From the top of the entries, reproduce each line exactly, stopping after the line that contains "Rank 9 out of". Omit pictures.

**Records provided:**

┄┄┄┄┄┄┄┄┄┄

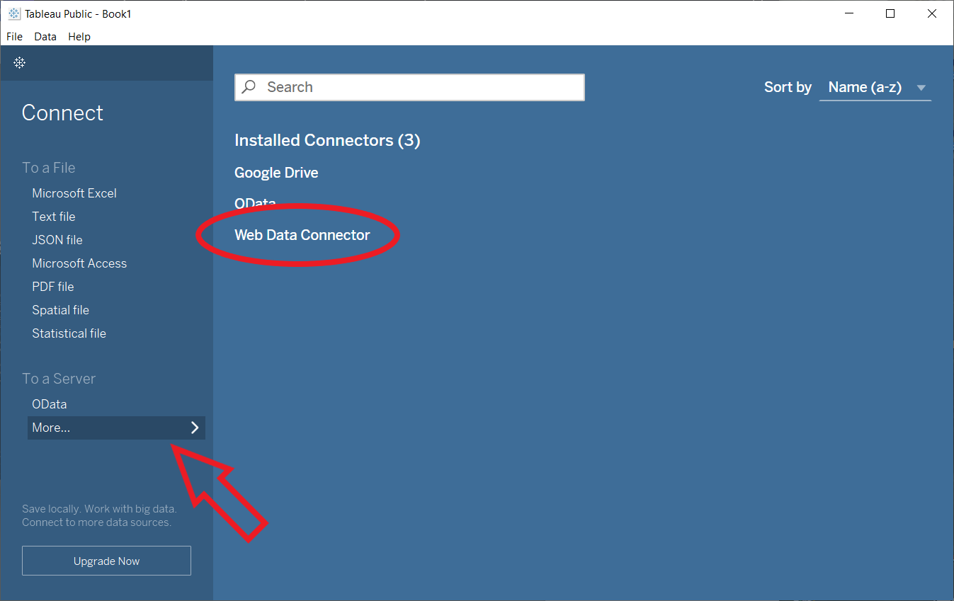 - Select Web Data Connector
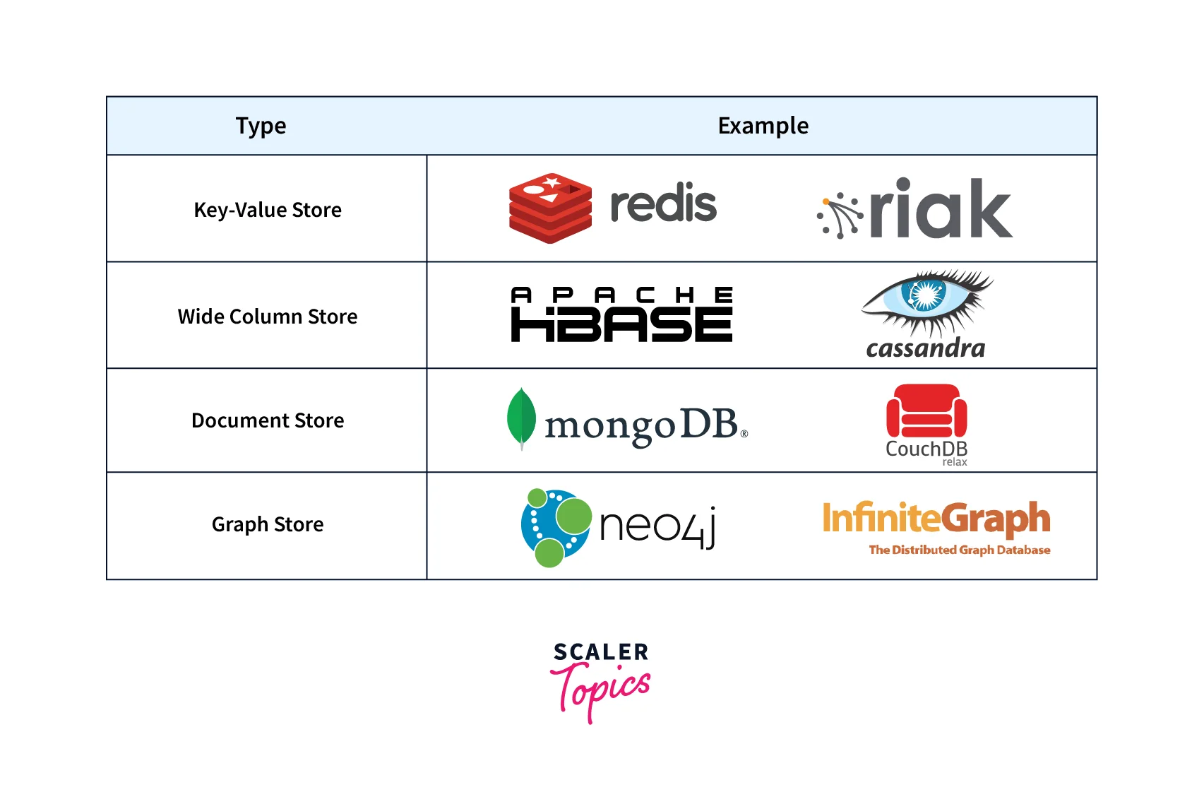 - Wide-column store: Allows for dynamic columns and stores data as columns rather than rows. HBase and Apache Cassandra are two common examples.
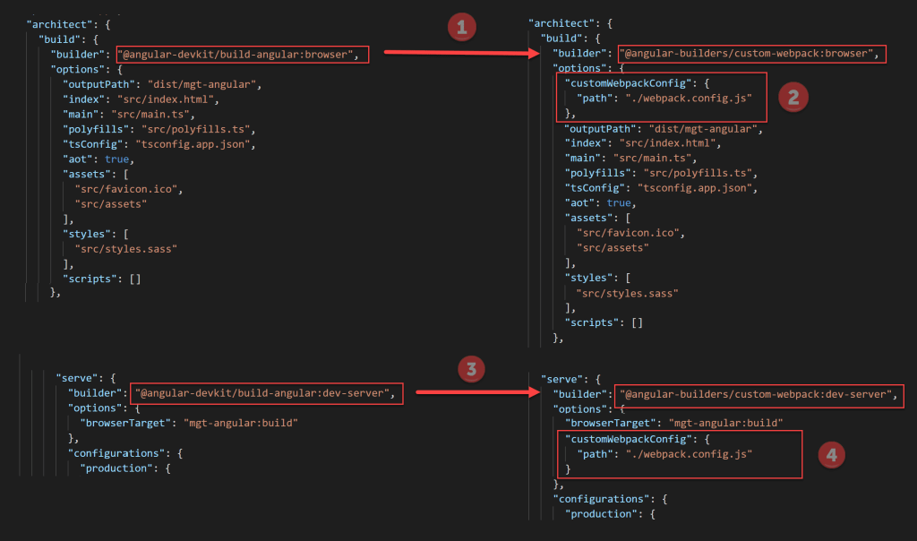 1 – In architect|build section change builder from “@angular-devkit/build-angular:browser” to “@angular-builders/custom-webpack:browser”
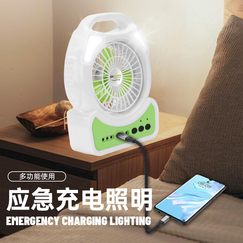 跨境新款户外家用多功能太阳能手提灯风扇应急照明灯便携式长续航
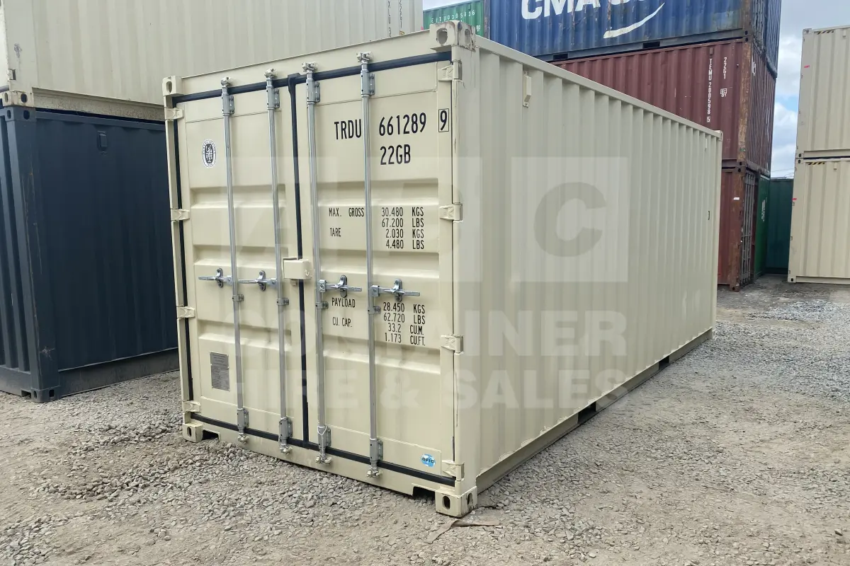 Rank 9 out of 10 new build cream 20' Standard Height Steel Container (with doors one end only) in Brisbane. (TRDU6612899)
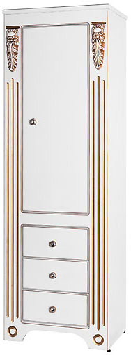Комплектация: напольный пенал с распашной дверцей и тремя выдвижными ящиками. Ящики и дверь оснащены фурнитурой BLUM. Ориентация — правая. Корпус и фасад МДФ Kronospan, покрытие эмаль SAERLAK (Италия).

┄┄┄┄┄┄┄┄┄┄

**Solution below:**
 - Select Web Data Connector
 - Wide-column store: Allows for dynamic columns and stores data as columns rather than rows. HBase and Apache Cassandra are two common examples.
 1 – In architect|build section change builder from “@angular-devkit/build-angular:browser” to “@angular-builders/custom-webpack:browser”
 跨境新款户外家用多功能太阳能手提灯风扇应急照明灯便携式长续航
 Rank 9 out of 10 new build cream 20' Standard Height Steel Container (with doors one end only) in Brisbane. (TRDU6612899)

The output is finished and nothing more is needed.